We also share data with other law enforcement agencies or local authorities if required by law, such as:
- the police and judicial agencies e.g. courts
- district and borough councils
- the Department for Work and Pensions
- government agencies.
The prevention of fraud is an activity in the public interest, and is undertaken within the exercise of the official authority of the SAFS' partners.
Corporate Policy team
Our mailing list privacy notice
Hertfordshire County Council is the Data controller. The data we hold is for the purpose of partnership communications.
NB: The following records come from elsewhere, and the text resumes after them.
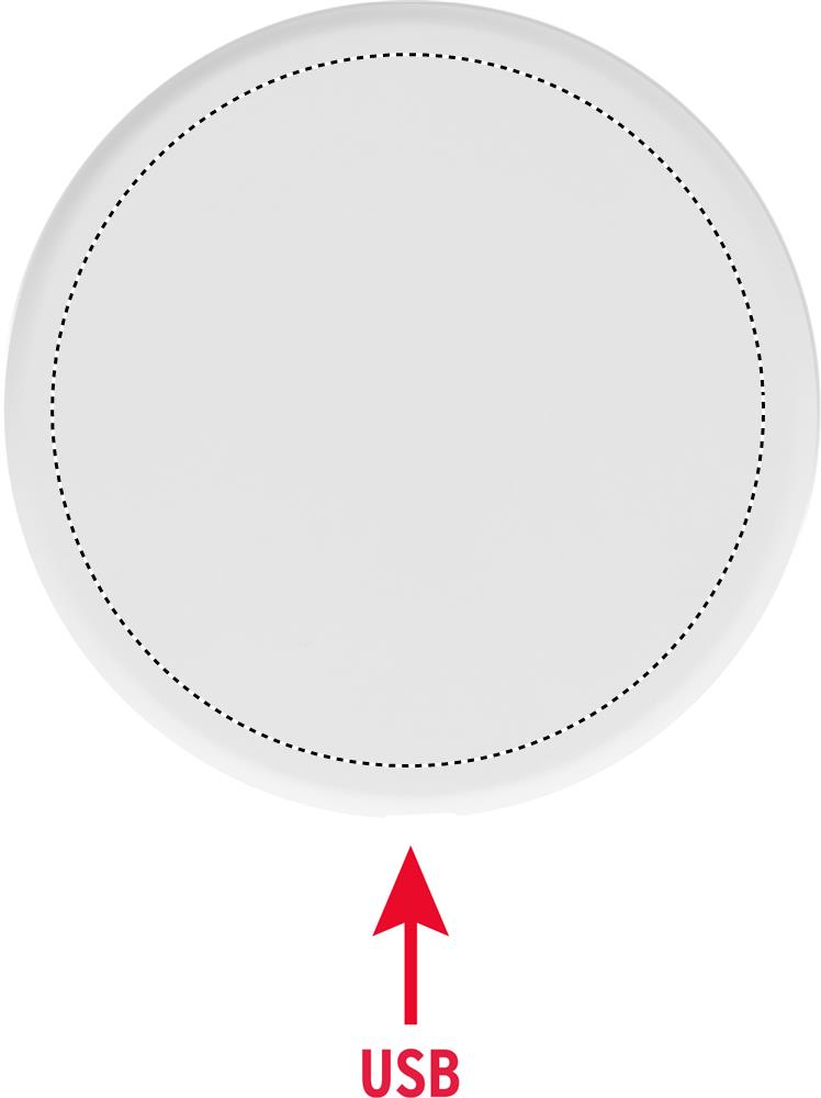Recycled ABS wireless charger. Connect to your computer, place smartphone on device to commence charging. Output: DC 9V/1.1A (10W) for quick charging. Compatible latest androids, iPhone® 8, X and newer.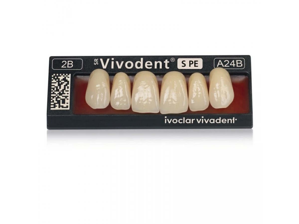 Передние зубы SR Vivodent PE демонстрируют высокую степень прочности, плотности, устойчивости к растворителям и цветостойкость. Они особенно подходят для полных съемных зубных протезов. Производитель: Ivoclar Vivadent, Филиппины.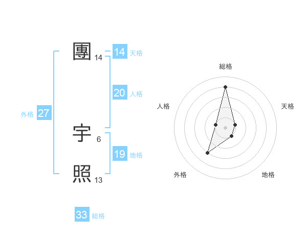 團 宇照さんの総格は33画の4点!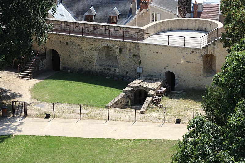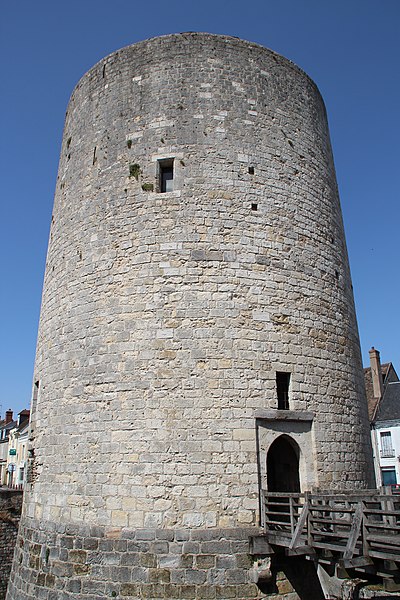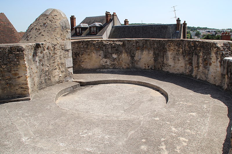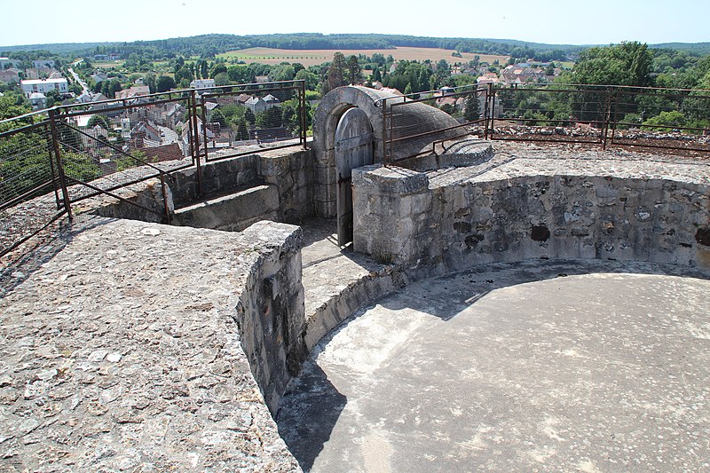 Les courtines, épaisses de 3,75 mètres et hautes d'environ dix mètres, protégeaient la cour intérieure où se trouvaient une chapelle dédiée à Jean‑Baptiste, un logis en U et une terrasse couverte à l'est. Le donjon, pièce maîtresse élevé par Philippe Auguste autour de 1220, avait à l'origine environ trente mètres de hauteur depuis le fond des fossés, un diamètre de treize mètres soixante et des murs de 3,75 mètres d'épaisseur. Aujourd'hui sa hauteur est d'environ vingt‑cinq mètres depuis les fossés et dix‑huit mètres depuis la cour ; ses soubassements sont en grès taillé et l'assise en calcaire de Beauce.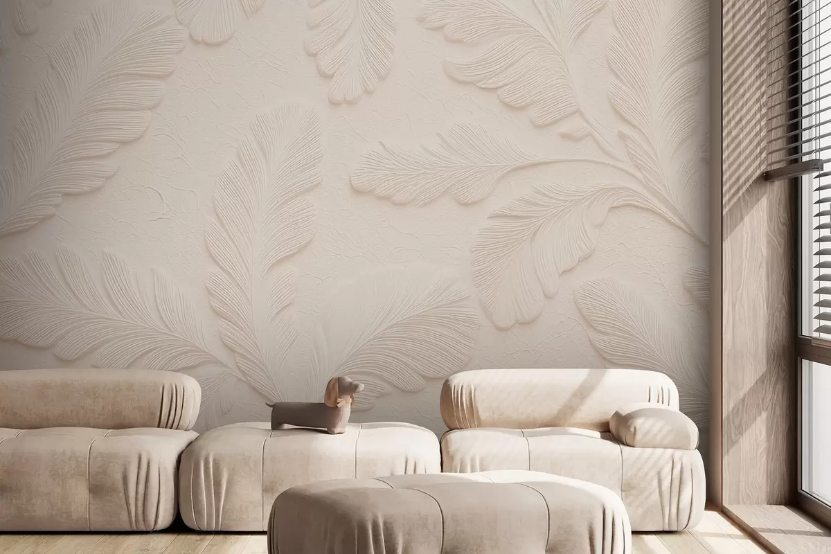 Fotomurales Hojas en relieve sobre fondo claro con efecto craquelado Nr. w09309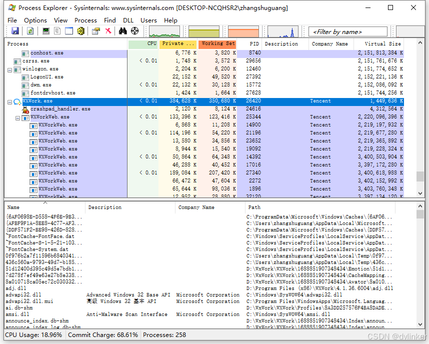 在使用System Informer过程中,观察到一个很好用的细节。目前的问题现象是,入会后,不将视频窗口最小化,即正常显示,观察Windows任务管理器,软件的CPU只占到30%左右,但将视频窗口最小化后,软件占用的CPU会飙到70%左右。在任务管理器中可以看到,整个系统中的CPU使用总和到达100%,导致整个Windows系统出现明显的卡顿。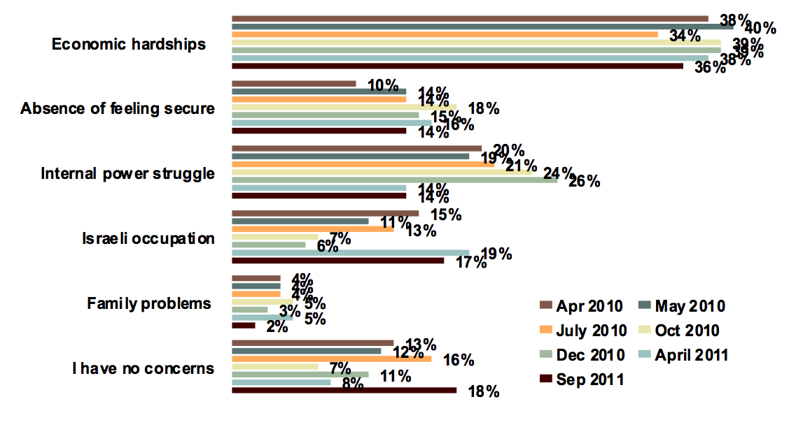 Figure 2 : The main reason for feeling concerned (April 2010 - September 2011)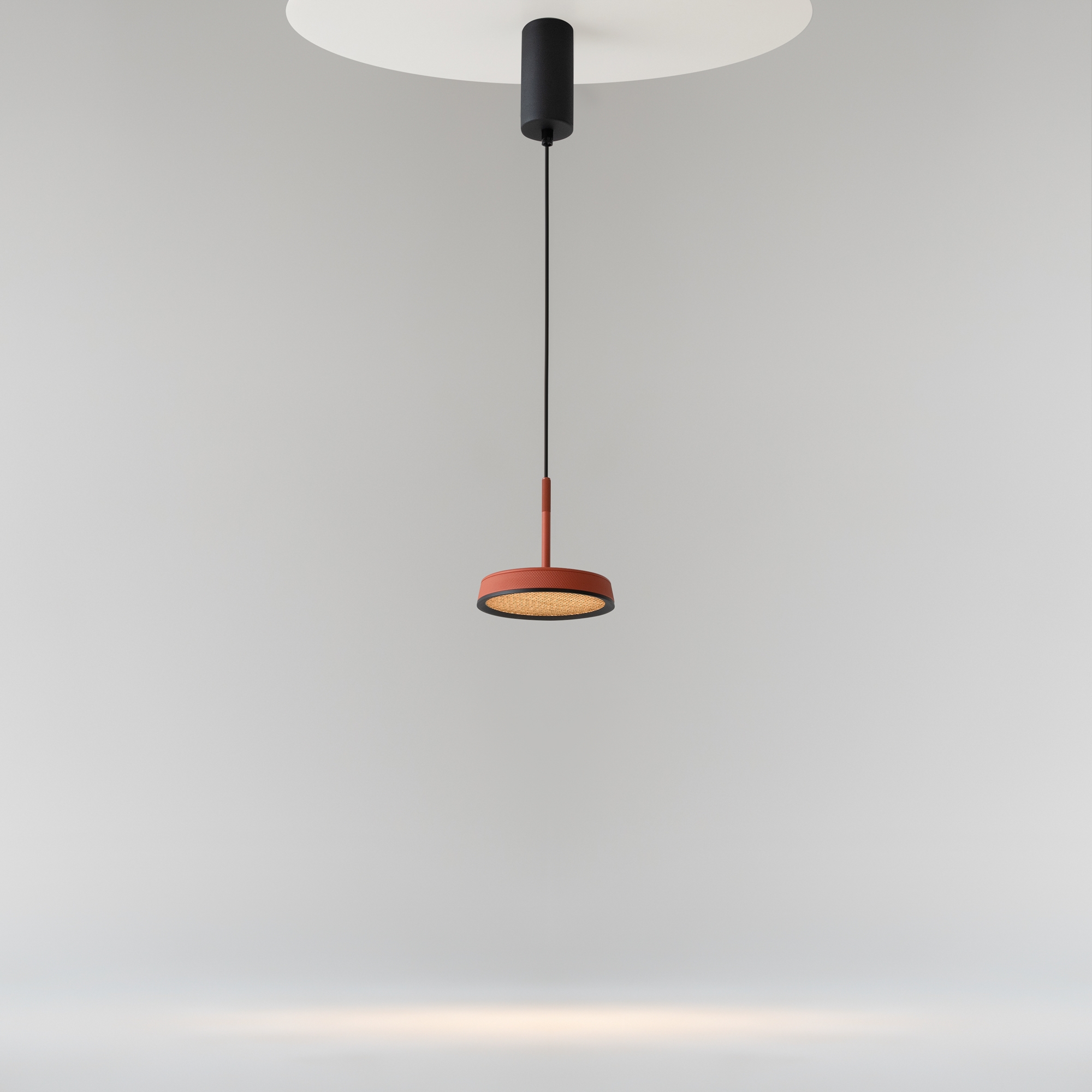 Металлический корпус, цветовая палитра - черный, белый, золото и терракотовый. Два вида плафонов: «таблетка» с графичным рельефом из ассиметричных линий; «таблетка» + идеально-гладкая металлическая «тарелка». Дизайн вдохновлен супрематической эстетикой. LED-источник света, цветовая температура - 3000К. Регулируемый провод - 3 метра.

Hertfordshire County Council will use this information to communicate with organisations on partnership matters including promoting key engagement events and conferences.
We consider that it is in the legitimate interests of Hertfordshire County Council to process your information for these purposes. The information you have provided to us will be used alongside additional information obtained from partnership organisations themselves.
The information you give us will be held by the Corporate Policy team of Hertfordshire County Council and will only be used to communicate with organisations on partnership matters.
We will only share information with third parties if we are legally obliged to do so, for example if it is necessary to safeguard or protect a child. We may also share information with the police or other agencies if it is necessary for the following purposes:
a) The prevention or detection of crime
b) The apprehension or prosecution of offenders
c) The assessment or collection of any tax or duty or any imposition of a similar nature
Website testing panel
Feedback from our website testing panel helps us improve things on the website for everyone.
We want our website to be as simple, clear and quick as possible for you to use.
It’s important that we test the website whilst we develop it to ensure we’re improving things for our customers.
Joining the panel
- You can join our website testing panel through our secure online form. We'll ask for your name and email address so that we can send you our surveys.
- We’ll keep the personal information we collect extremely safe.
- We won’t share the information outside of Hertfordshire County Council. We won’t share your personal information with any other team within the council.
- We plan to keep your personal information on an ongoing basis, as long as you're happy for us to do so.
- Email the web team if you’d like to leave the website testing panel at any time.
When we email you, we'll send you a link and ask you to complete a survey/task using one of these online products:
When you complete a survey:
- We won't directly ask you for any personal information. This means we won't be able to link your responses back to you.
- We’ll only use the information we collect to see where improvements can be made on our website.
- We may share the information collected within the survey with other teams in the council. However, your response will not be personally linked back to you.